→ **Task description**
Repeat all the lines below exactly, but omit the pictures.

········

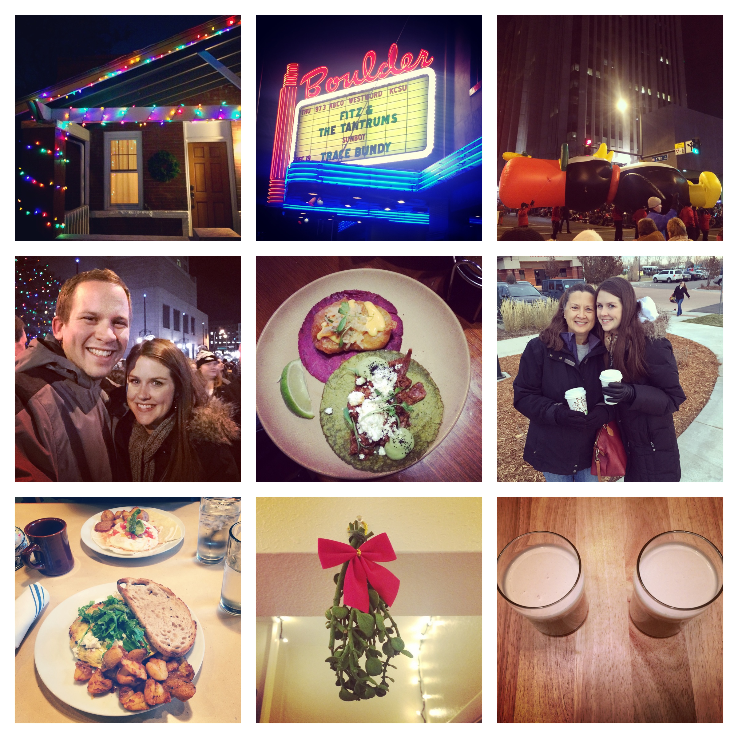 Christmas Light Happiness / Fitz & the Tantrums in Boulder / Major Waddles Limbo / Parade of Lights / Shark Taco / Studio C with Mom / Post-Studio C Sustenance / Mistletoe / Nog!
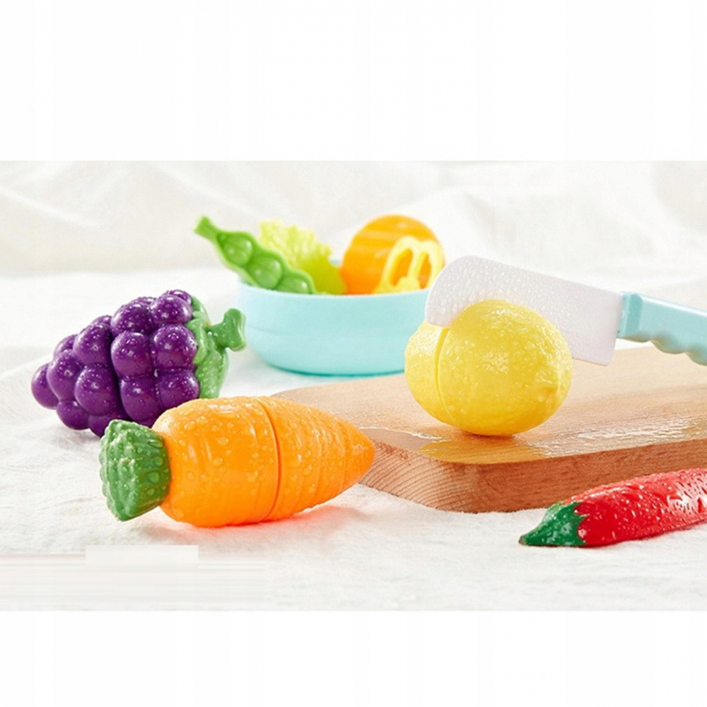 Cand taiati legume si fructe, copilul dumneavoastra va auzi un sunet distinctiv. Acest lucru se datoreaza combinatiei de legume si fructe cu Velcro.
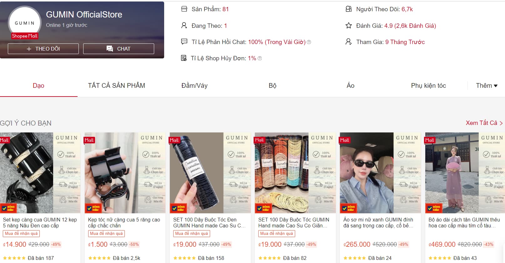 Shop bán kẹp tóc càng cua Gumin Official Store là thương hiệu thời trang tóc được yêu thích nhất trong năm vừa qua. Tại đây có rất nhiều phụ kiện kẹp càng cua cute mà bạn có thể sắm để F5 cho mái tóc của mình.
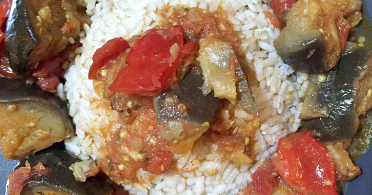 Μελιτζάνες κοκκινιστές με ρύζι
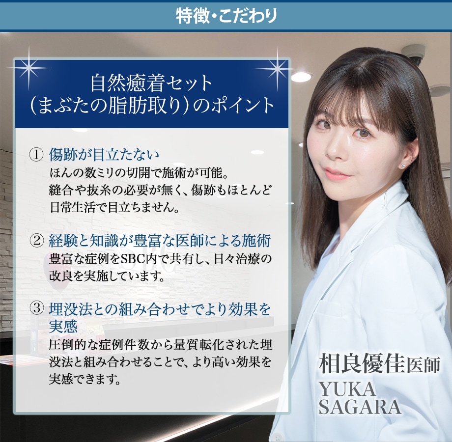 まぶたの腫れぼったさをなくして、目の上をスッキリさせたい方は、まぶたの脂肪を直接除去する「自然癒着セット(まぶたの脂肪取り)」がおすすめです。まぶたの場合は、脂肪吸引ではなく「脂肪除去」が適用されます。
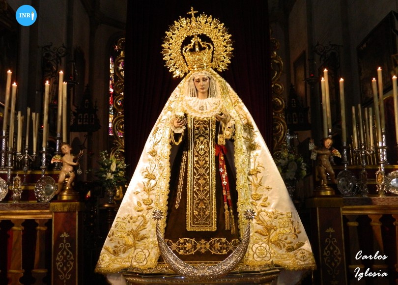 La dolorosa de la corporación de Omnium Sanctorum lució su manto blanco de vistas y saya con escapulario marrón en su peana y media luna a sus pies. Tras la talla un dosel y a los lados, dos pequeños altares con candeleros de velas blancas, algunas piezas de orfebrería y jarras con flores blacas de distintas especies.

········

→ **Answer area**
 Christmas Light Happiness / Fitz & the Tantrums in Boulder / Major Waddles Limbo / Parade of Lights / Shark Taco / Studio C with Mom / Post-Studio C Sustenance / Mistletoe / Nog!
 Cand taiati legume si fructe, copilul dumneavoastra va auzi un sunet distinctiv. Acest lucru se datoreaza combinatiei de legume si fructe cu Velcro.
 Shop bán kẹp tóc càng cua Gumin Official Store là thương hiệu thời trang tóc được yêu thích nhất trong năm vừa qua. Tại đây có rất nhiều phụ kiện kẹp càng cua cute mà bạn có thể sắm để F5 cho mái tóc của mình.
 Μελιτζάνες κοκκινιστές με ρύζι
 まぶたの腫れぼったさをなくして、目の上をスッキリさせたい方は、まぶたの脂肪を直接除去する「自然癒着セット(まぶたの脂肪取り)」がおすすめです。まぶたの場合は、脂肪吸引ではなく「脂肪除去」が適用されます。
 La dolorosa de la corporación de Omnium Sanctorum lució su manto blanco de vistas y saya con escapulario marrón en su peana y media luna a sus pies. Tras la talla un dosel y a los lados, dos pequeños altares con candeleros de velas blancas, algunas piezas de orfebrería y jarras con flores blacas de distintas especies.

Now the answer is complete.